Source records:

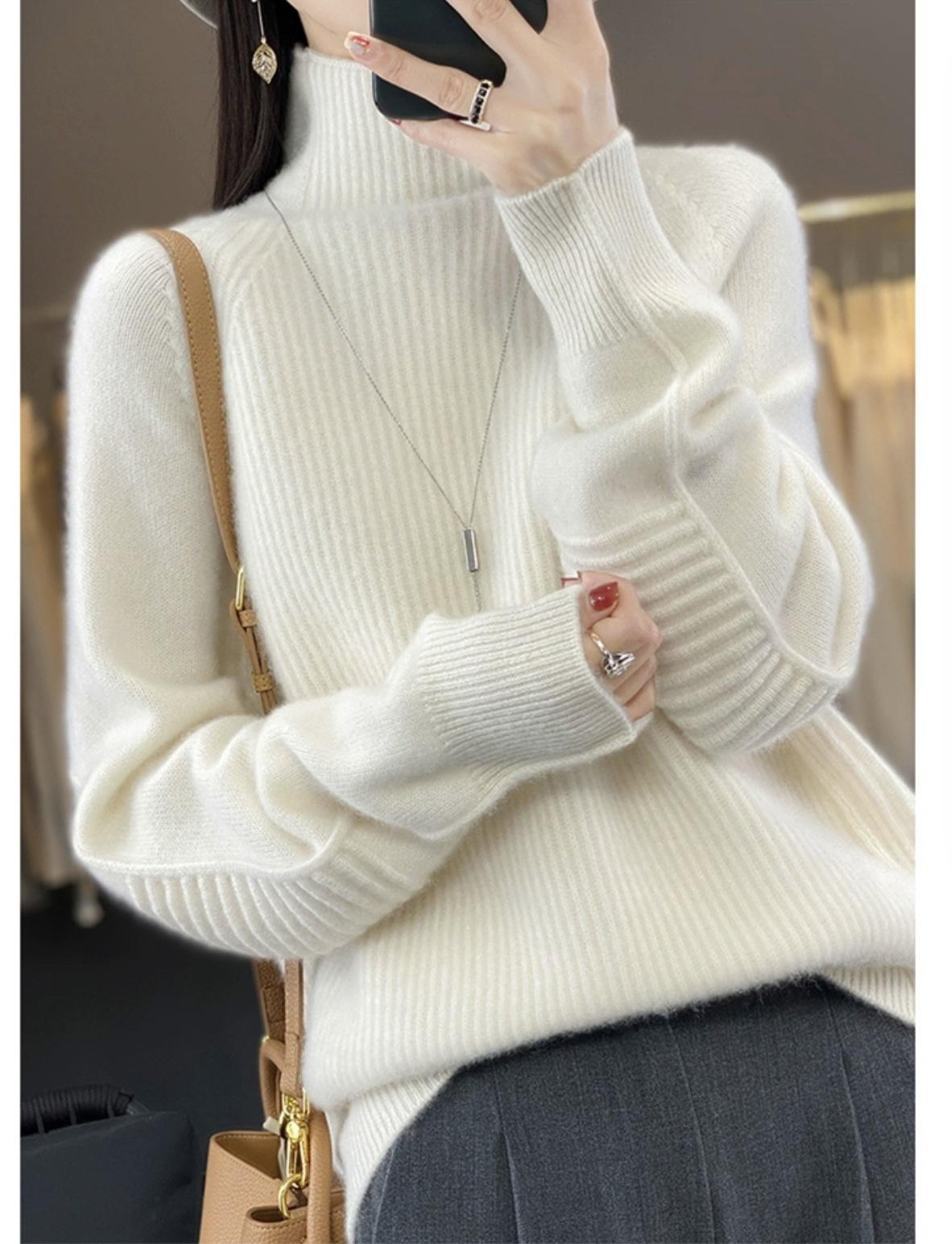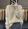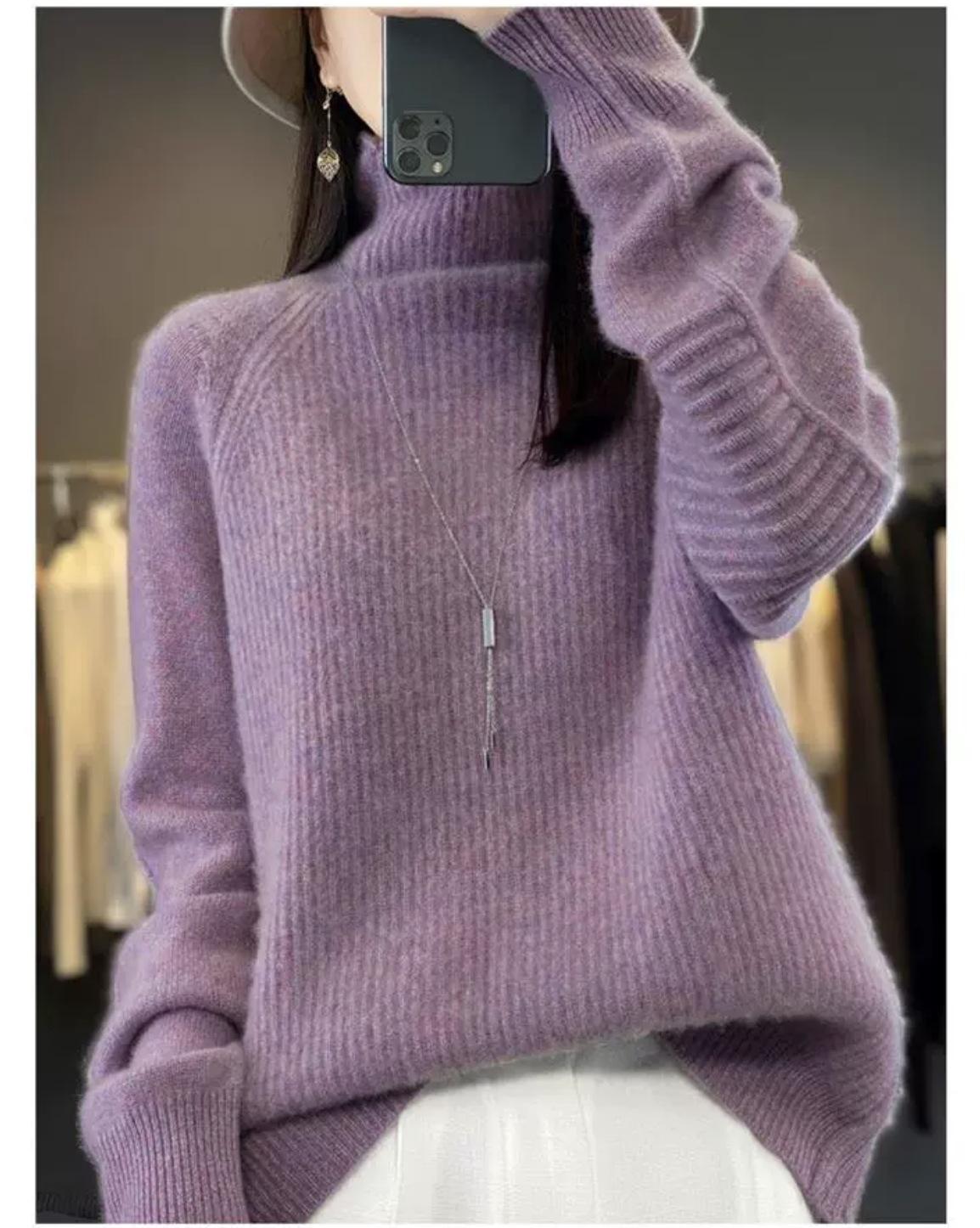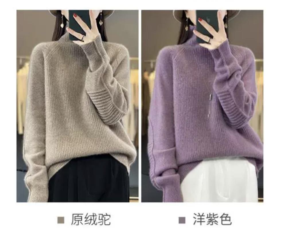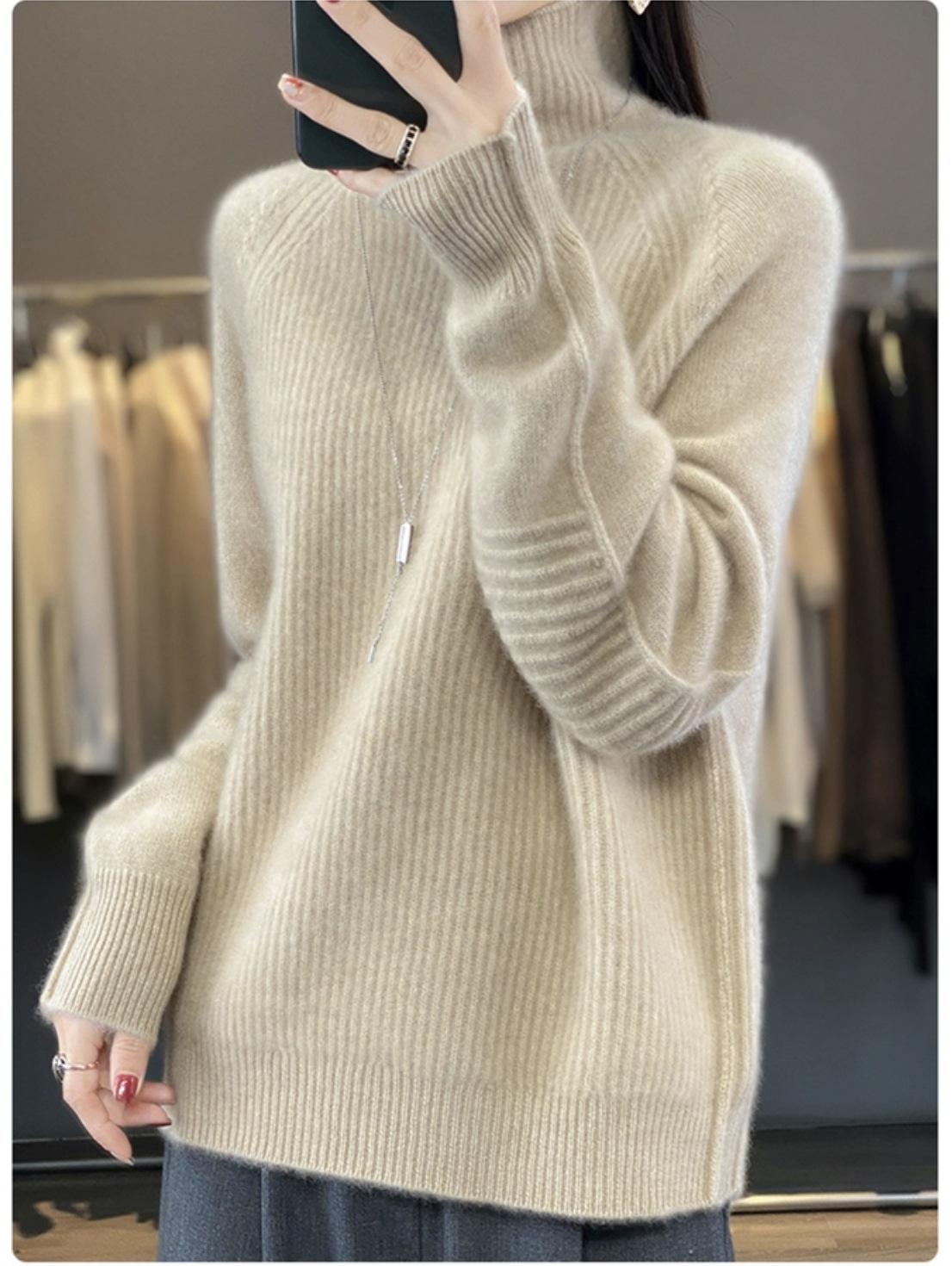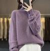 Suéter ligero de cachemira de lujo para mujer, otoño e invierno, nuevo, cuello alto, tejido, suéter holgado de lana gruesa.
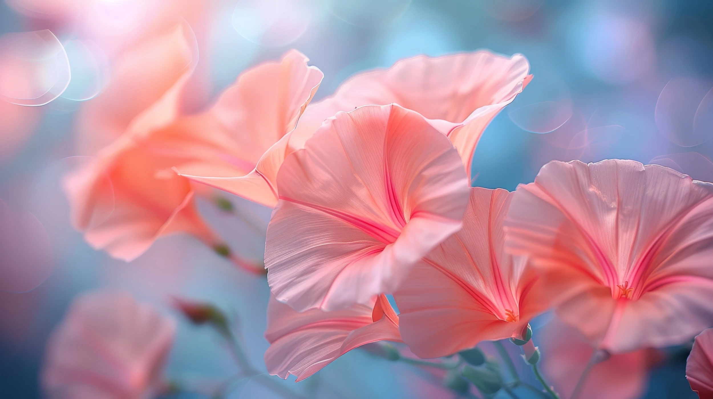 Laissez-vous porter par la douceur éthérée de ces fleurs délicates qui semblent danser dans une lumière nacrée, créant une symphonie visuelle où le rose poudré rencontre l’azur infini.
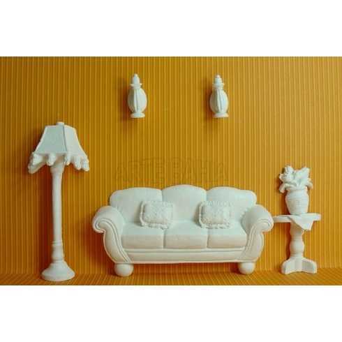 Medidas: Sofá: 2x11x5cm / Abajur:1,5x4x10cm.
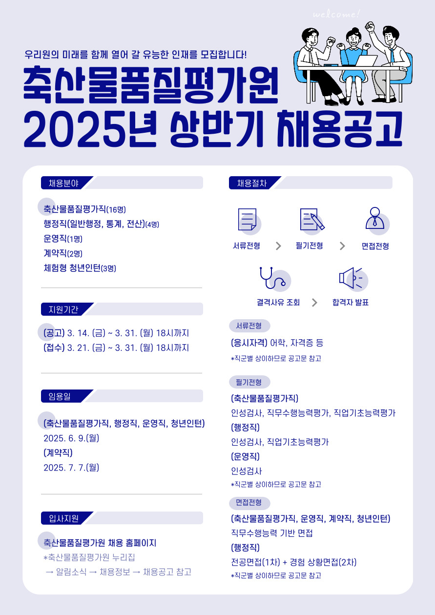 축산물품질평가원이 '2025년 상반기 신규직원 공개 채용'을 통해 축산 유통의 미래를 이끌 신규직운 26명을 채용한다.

* * *

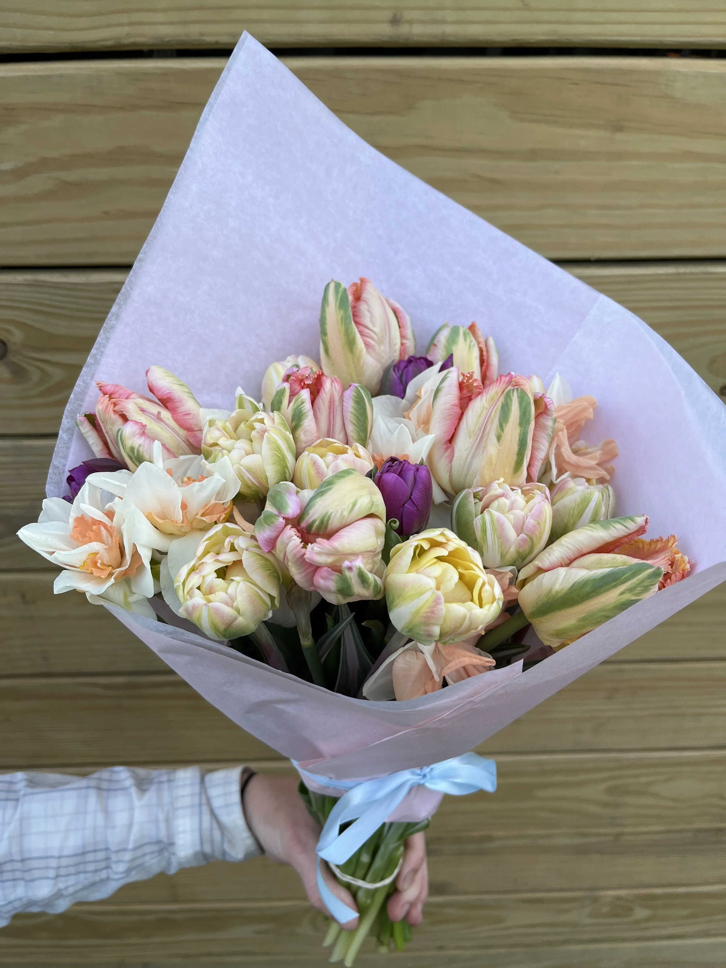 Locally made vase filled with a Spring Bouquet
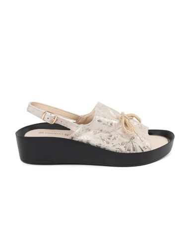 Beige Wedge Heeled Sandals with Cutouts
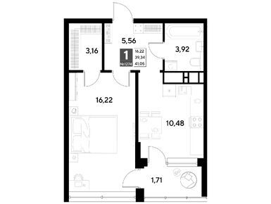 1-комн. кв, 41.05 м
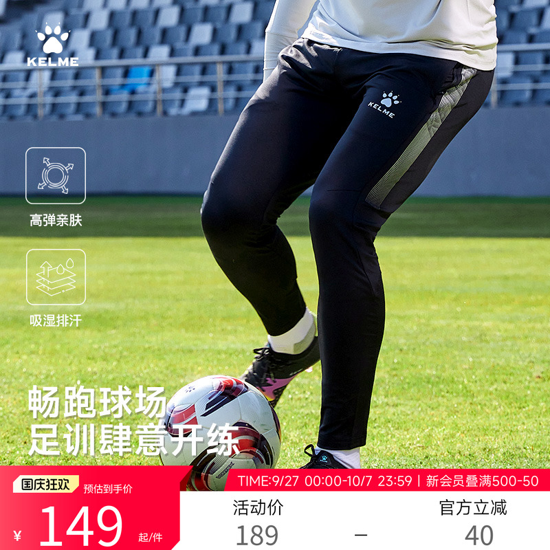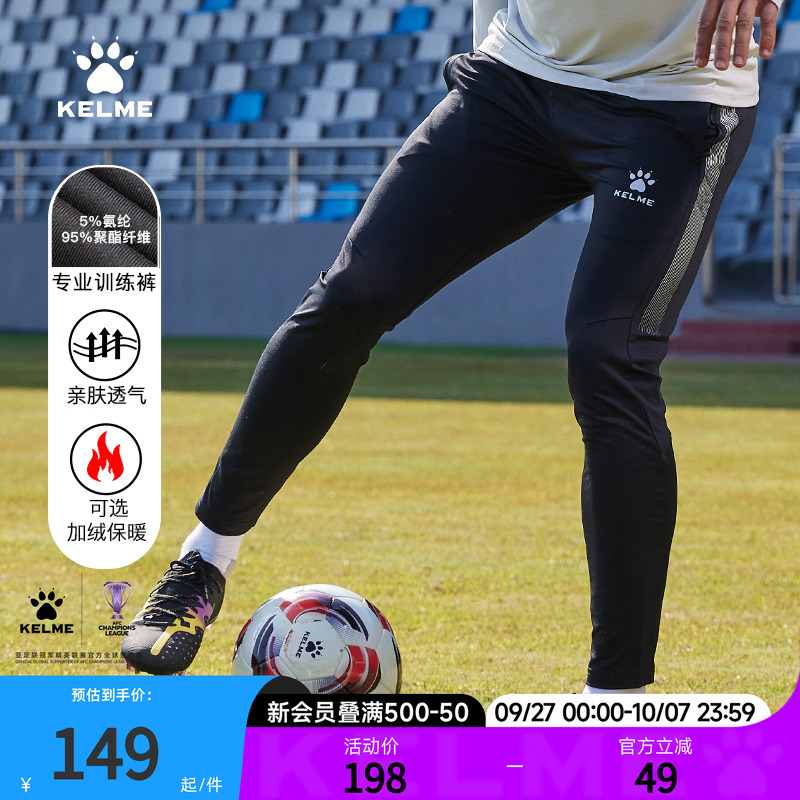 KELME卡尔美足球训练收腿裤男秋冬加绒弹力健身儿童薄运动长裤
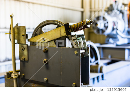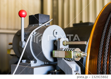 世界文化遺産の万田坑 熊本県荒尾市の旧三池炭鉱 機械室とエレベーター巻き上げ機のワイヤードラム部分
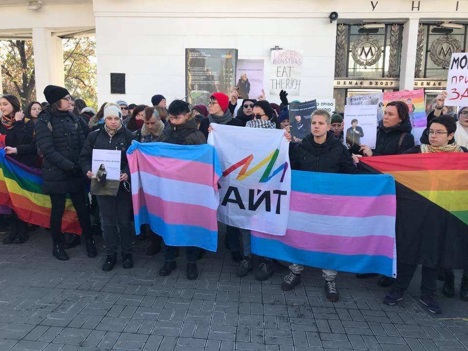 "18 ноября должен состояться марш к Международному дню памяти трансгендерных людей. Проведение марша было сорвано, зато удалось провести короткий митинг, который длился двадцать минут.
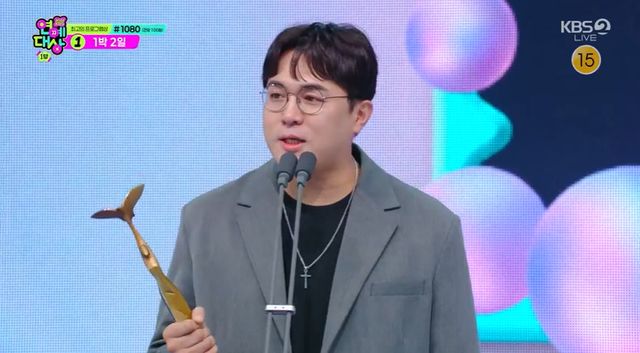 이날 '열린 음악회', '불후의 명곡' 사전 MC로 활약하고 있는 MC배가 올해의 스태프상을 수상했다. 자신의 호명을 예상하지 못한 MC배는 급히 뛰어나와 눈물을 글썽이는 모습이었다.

What to produce:
Your answer is the exact run of lines above from the one with "Suéter ligero de" through the one with "축산물품질평가원이 '2025년 상반기", both ends included, minus any picture.

Exercise solution:
 Suéter ligero de cachemira de lujo para mujer, otoño e invierno, nuevo, cuello alto, tejido, suéter holgado de lana gruesa.
 Laissez-vous porter par la douceur éthérée de ces fleurs délicates qui semblent danser dans une lumière nacrée, créant une symphonie visuelle où le rose poudré rencontre l’azur infini.
 Medidas: Sofá: 2x11x5cm / Abajur:1,5x4x10cm.
 축산물품질평가원이 '2025년 상반기 신규직원 공개 채용'을 통해 축산 유통의 미래를 이끌 신규직운 26명을 채용한다.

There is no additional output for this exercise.